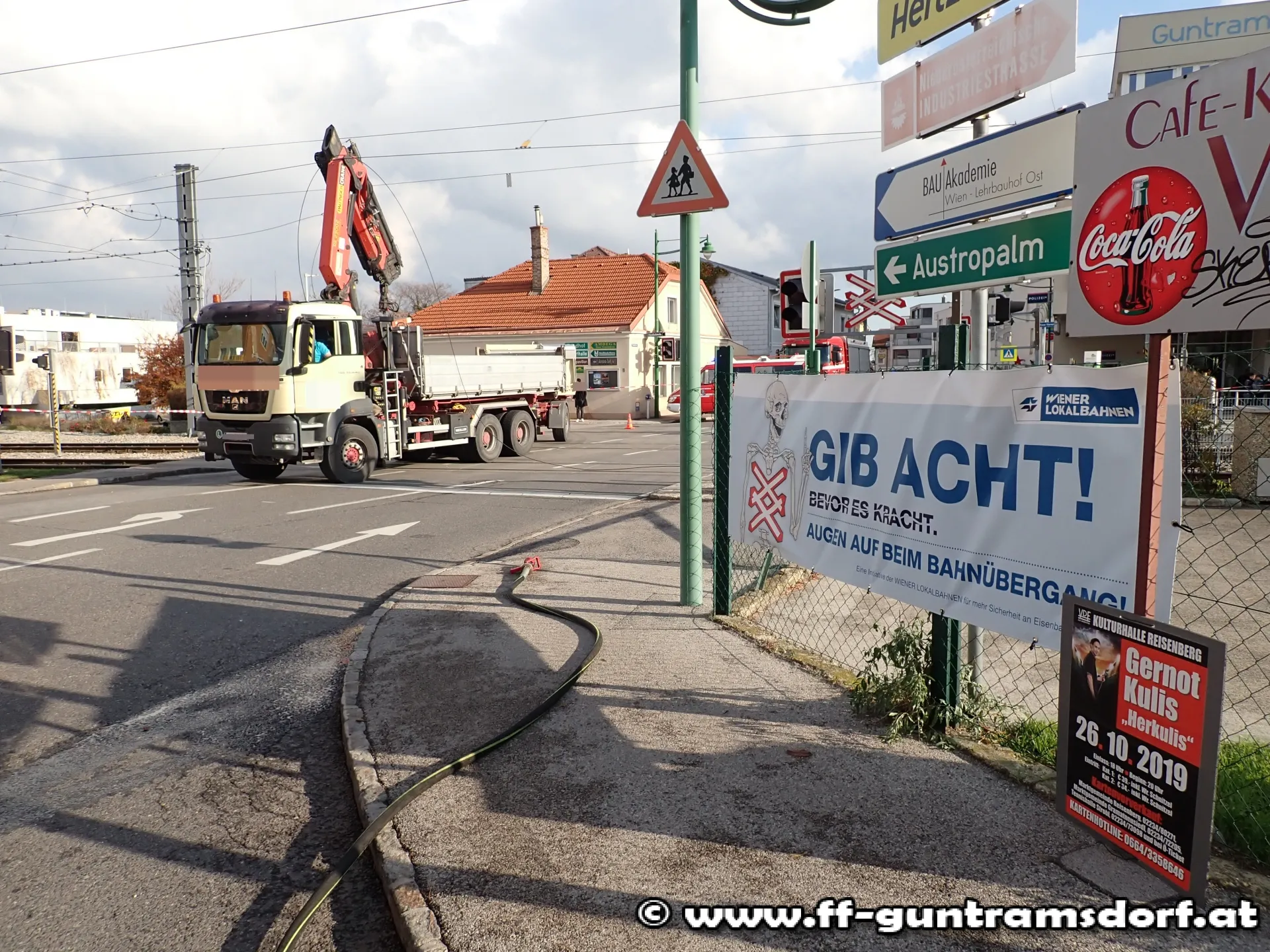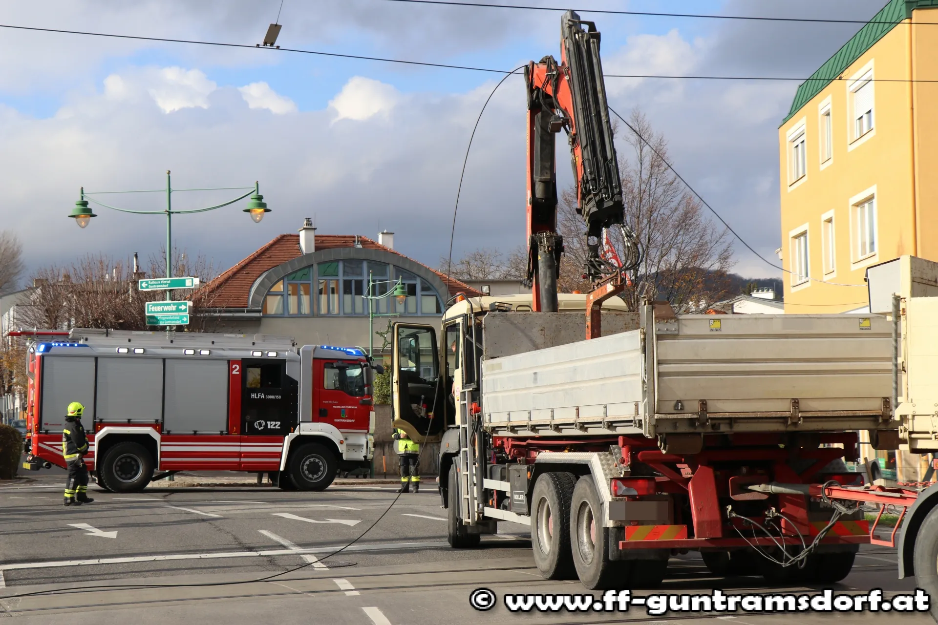 Ein LKW mit Ladekran war mit der Oberleitung der Wiener Lokalbahn kollidiert und hatte dabei ein Kabel abgerissen. Geistesgegenwärtig reagierte der LKW Lenker und blieb richtigerweise im Fahrzeug sitzen. Somit kam dieser nicht mit dem Strom in Kontakt und blieb unverletzt. Durch die Leitungen fließen rund 750 Volt Gleichstrom, welcher für den menschlichen Körper tödlich wirken würde.
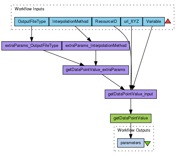Workflow for Taverna based on the IMPEx-FP7 method getDataPointValue. This method is used to compute values of various physical quantitites (e.g. density, magnetic field strengths etc.) for a given simulation run at a user given set of 3D points.
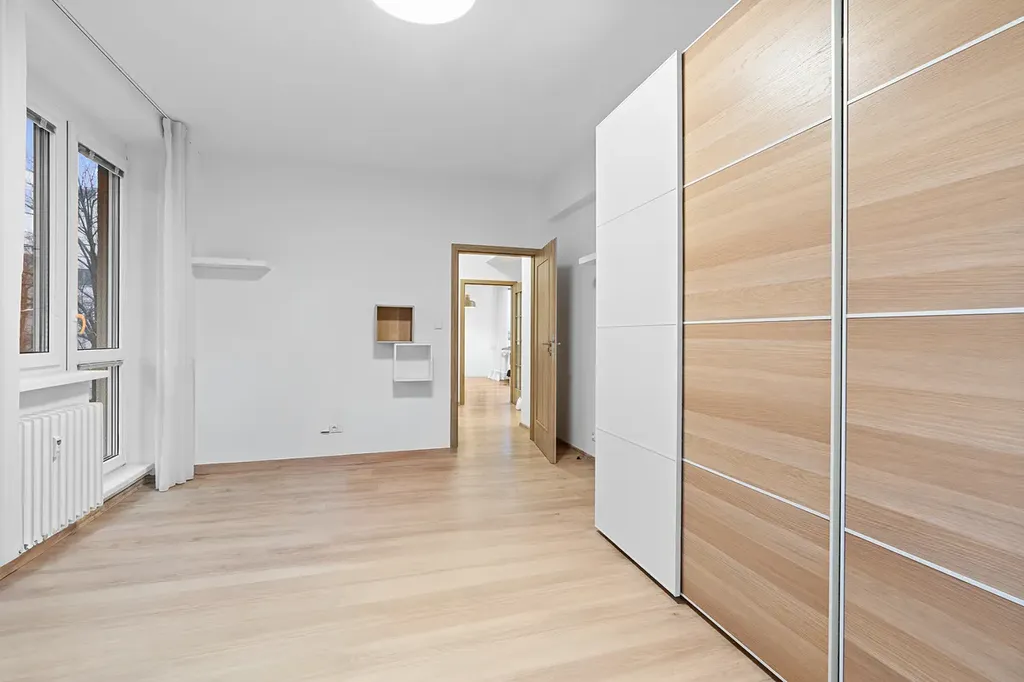 Byt je svojí rozlohou velmi prostorný. V bytě jsou 2 veliké neprůchozí pokoje, krásná kuchyně (na míru vybavena spotřebiči) s obývacím pokojem, koupelna s vanou, samostatné WC s prostorem na pračku. Nedílnou součástí je veliká předsíň s vestavěnými skříněmi a úložnými prostory.
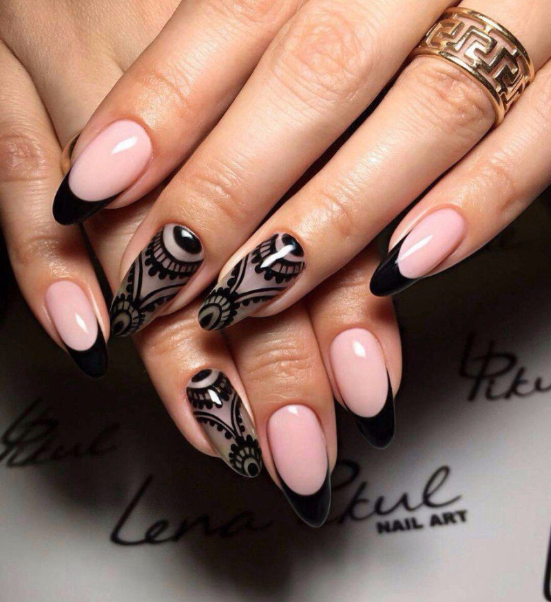 Наверное, в противовес последователям был придуман французский маникюр черного цвета. Ну что ж, все великие мастера творили без оглядки на традиции и на чужое мнение. А такой дизайн выглядит ничуть не хуже классического.
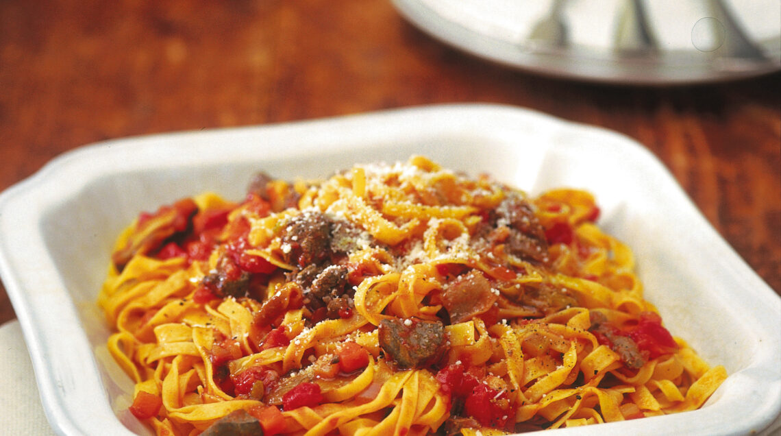 1) Cuoci le fettuccine in abbondante acqua non troppo salata, scolale e condiscile con il sugo ben caldo e il burro restante.
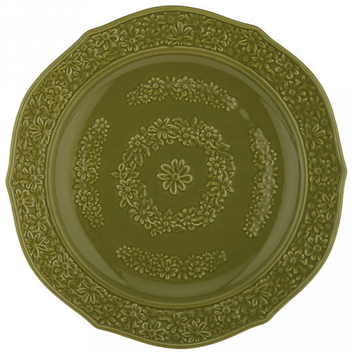 • "Русское поле" Тарелка мелкая фарфоровая д250мм, h25мм, волнистый край, фактурный глянец, зеленый, в коробке (Китай)
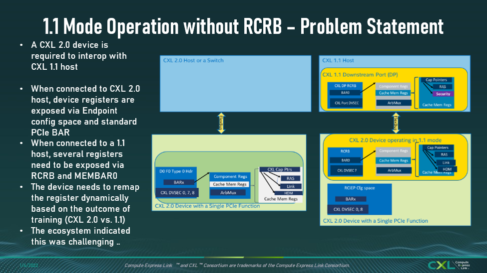 RCEC is required if the device is exposed as an RCIEP (Root Complex Integrated End Point). On slide 11, that aspect has not changed. The device on the right-hand side needs to be exposed as an RCIEP, and the link is still not visible to the legacy software because the downstream port has the same register layout as the CXL 1.1 specification. Therefore, you still need the host to implement the RCEC and the errors will always go with the RCEC. There is no difference in that behavior.
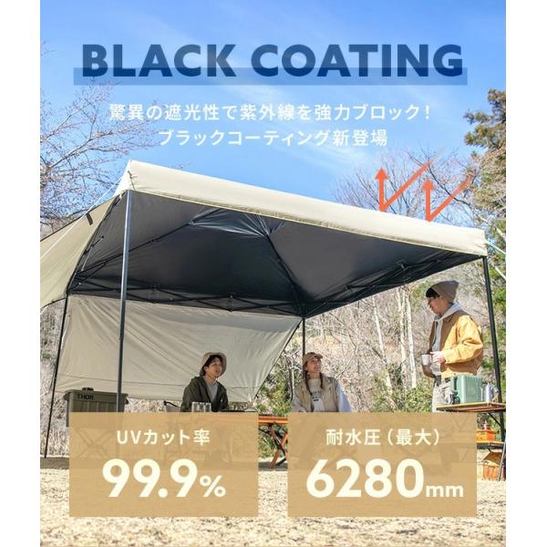 タープテント 2.5m ワンタッチタープテント ブラックコーティング 簡単 おしゃれ 大型 軽量 日除け UVカット 防水 アウトドア 3ヵ月保証
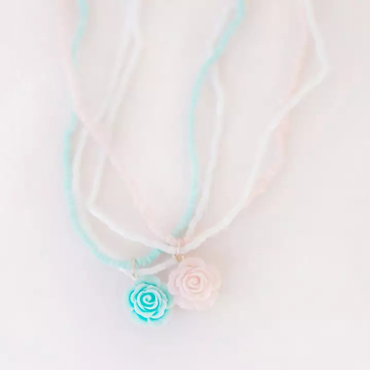 Romantiskt barnhalsband med en härlig ros. Finns i Rosa och Turkos. Rekommenderas ej för barn under 3 år.
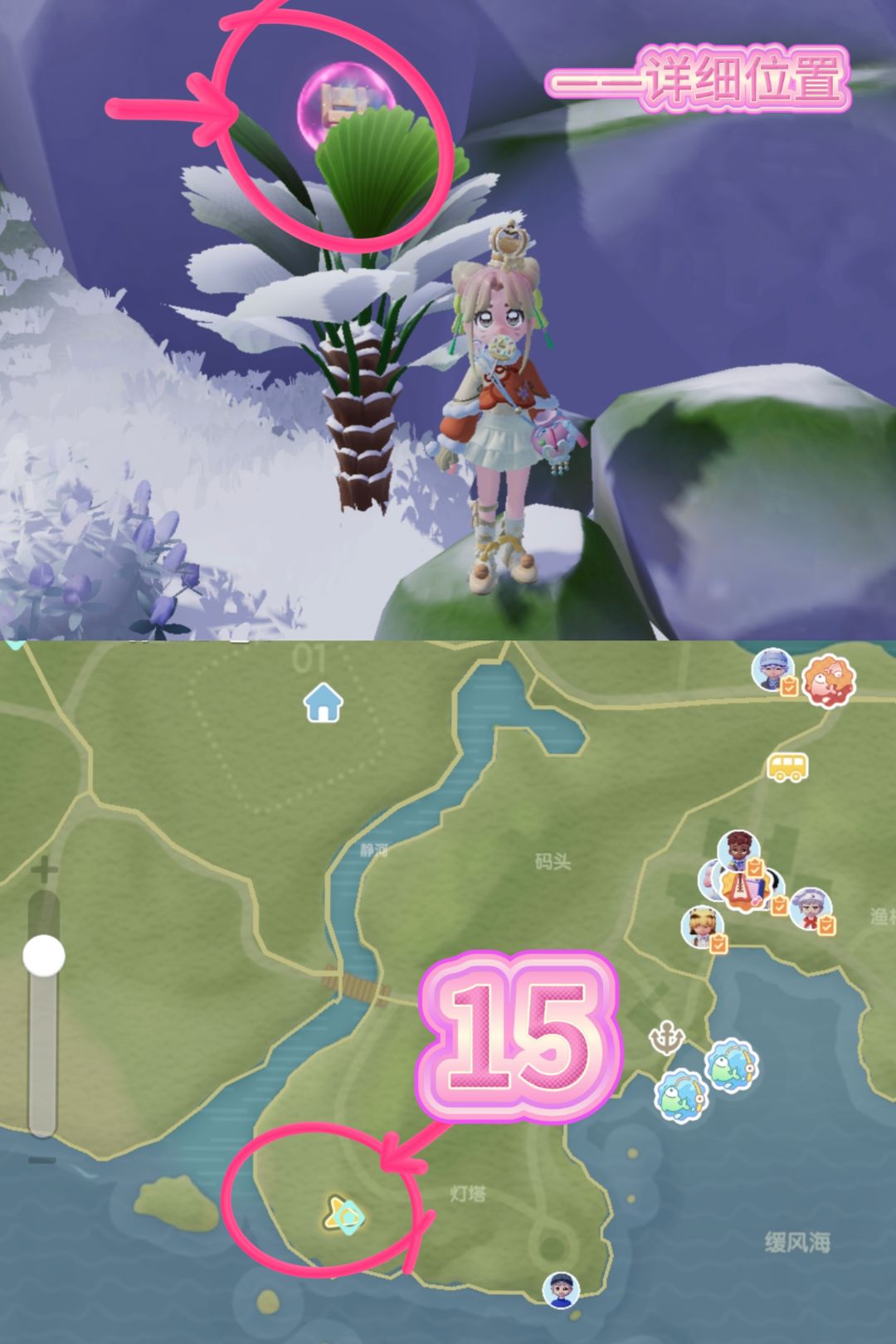 第一张图是15个粉红泡泡的合集,大家可以先在地图上标好大致位置,过去后再看2-9图的详细位置图噢~

■ **EXERCISE GOAL**: Using the data above, retype exactly the lines from the line with "1) Cuoci le" to the line with "в коробке (Китай)", inclusive. No pictures and nothing else.

■ **FINISHED TASK**:
 1) Cuoci le fettuccine in abbondante acqua non troppo salata, scolale e condiscile con il sugo ben caldo e il burro restante.
 • "Русское поле" Тарелка мелкая фарфоровая д250мм, h25мм, волнистый край, фактурный глянец, зеленый, в коробке (Китай)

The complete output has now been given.